Every pregnant gal wonders if she will lose the weight after having the baby. All pregnant gals know that nursing helps you lose the baby weight. In fact, it burns about 650 calories to produce 25 oz of milk so nursing mothers are encouraged to eat at least 500 extra calories and then let the extra 150 come from the fat stores of pregnancy.
It took me about 3 months to lose the pregnancy weight. At my 6 week check up, my doctor was concerned that I was losing weight too quickly and stressed to me that I needed to maintain my health to maintain my baby's. But, as new mothers know, it is hard to have time to eat regularly. Especially eat that extra 500 calories in a "healthy" way. Sure I could stuff my face with donuts and milkshakes and meet that quota easily, but that wouldn't do anyone any good.
Bear is creeping up on 6 months and I am still losing weight. 10 pounds under my pre-pregnancy weight
I know this is a problem.
This is a problem I have struggled with in the past. When I get stressed, I don't eat. My appetite just goes out the window.

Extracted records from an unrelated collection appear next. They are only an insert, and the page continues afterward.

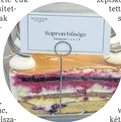
90 éve nyitotta meg cukrászdáját a Várkerület 86. számú házban a Hoffer család.

– A szívből jövő vendégszeretetet a legfontosabb, illetve a nagyszülők nyomdokaiban haladunk az alapanyagok szempontjából is. A háború árnyékában is igyekezték beszerezni a falusi tojást, a jó minőségű vaját, számunkra is nagyon fontos, hogy csak nagyon jó minőségű alapanyagokkal dolgozzunk. Bár természetesen az ízek terén – követve a kor elvárásait – sokat újítottunk, de aki ma belekóstol a házi krémesünkbe, megtapasztalhatja azt az ízelményt, amit kilencven évvel ezelőtt átélhettek a vendégek az egykori Hoffer cukrászdában.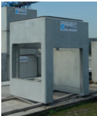
Hondehokput ten behoeve van aansluiting op bestaand riool.

Naast de min of meer standaard inspectieputten produceert kijlstra ook op bestelling speciale putten.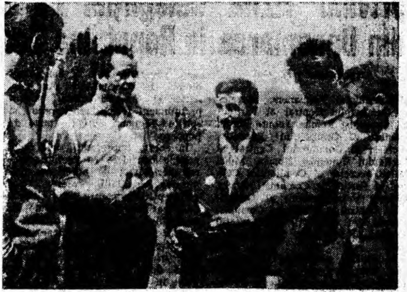
„La un pahar cu bere”

A m privit în sală la sute de mineri lupeneni, fețele lor strălucind satisfacții și bucurii. Sînt bucurii ale marilor împliniri, ale victoriilor ce le înscrie azi detașamentul minerilor în istoria poporului român, după pagini scrise cu litere de foc de către înalțași. Sînt bucurii ale realităților de mine, ce prînd tot mai mult contur, în urma marșului impetuos ce-l parcurgem spre viitor, sub același stindard luminos — al partidului comunist — marș în care detașamentul brav al minerilor își ocupă locul cu demnitatea tradițională.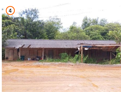
บ้านพักพนักงาน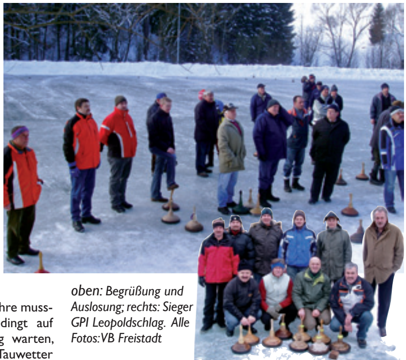
oben: Begrüßung und Auslosung; rechts: Sieger GPI Leopoldschlag.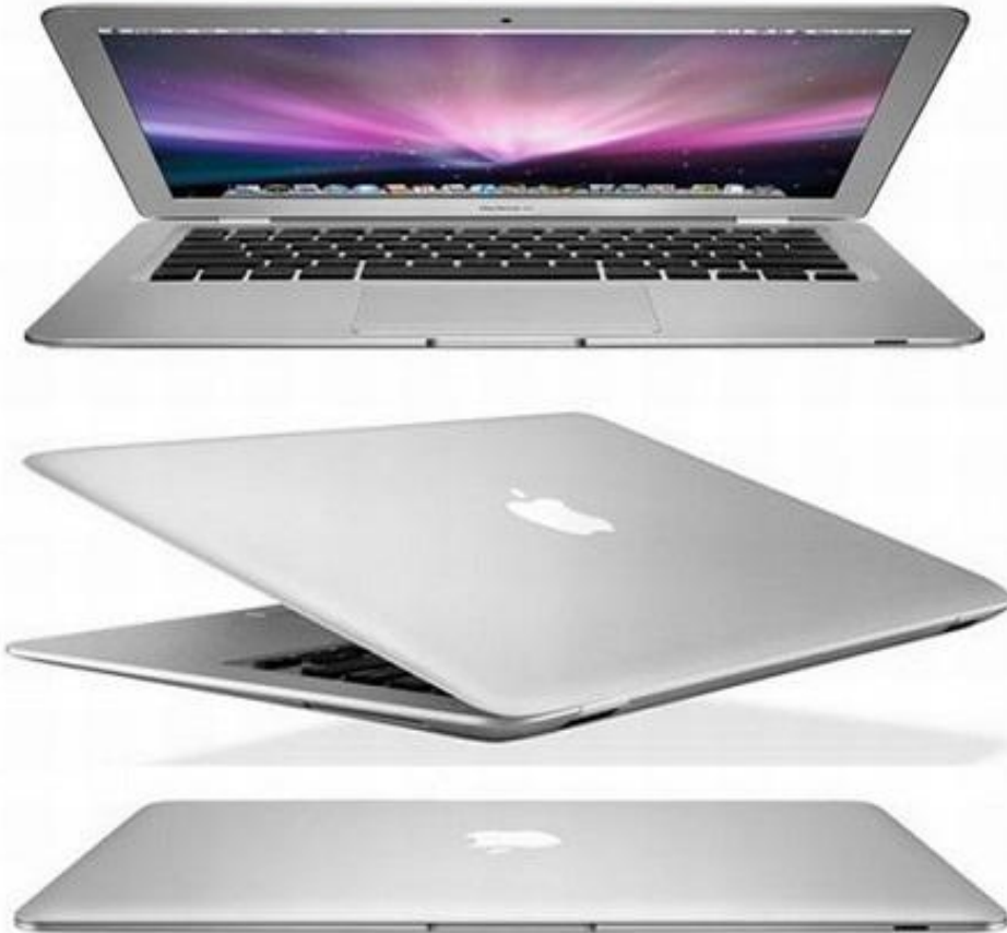
А здесь его современник. 010110101010 101011010111010 0110101011010101 10101010110101010101010101 1010101010101010101010101010 10101010111010101011 10101101011010101010101010101010

My cheek bones start to protrude, and my pants sag. People tease me and call me "skinny mini." I start to get angry because this is a weight problem. I don't walk around calling people "fatty" or say, "You really look like you are putting on some pounds." Why do people feel it is appropriate to comment on my current state? I had a person tell me "You are really losing too much weight and are really starting to look tired and run down."
I want to say "Piss off."
I don't.
I am doing everything I can do to provide for my son. I want to provide the best possible life for him. That includes nursing. I am doing everything I can to keep the weight on, and to gain weight. I drink Ensure (which is full of crap btw) I eat breakfast, fruit, granola bars, oatmeal, nuts and cheese for snacks. I even eat Wendy's on occasion for some additional fat to my diet. As a religious water drinker, I am now trying to drink more juice, I even add milk to my orange juice! I am trying to gain weight the healthy way, but I am not sure it is possible.
People may say "I wish I had that problem." But I don't think anyone really does. It is terribly discouraging. I can't put on muscle or fat. I am afraid to work out because I don't want to burn more calories.
So now I try to hide my body. I am starting to hate my body. My legs are skin and bone and I hate for people to see them. So I wear baggy "boyfriend" jeans, maxi skirts. I wear cardigans to hide my boney shoulders...I know people can see through it though. My face is evidence enough of my current weight. It is just unhealthy all the way around.
So, I am searching for tips. All the tips I have read online are to increase calorie consumption... and so I have.... anyone else have tips? That alone is not working.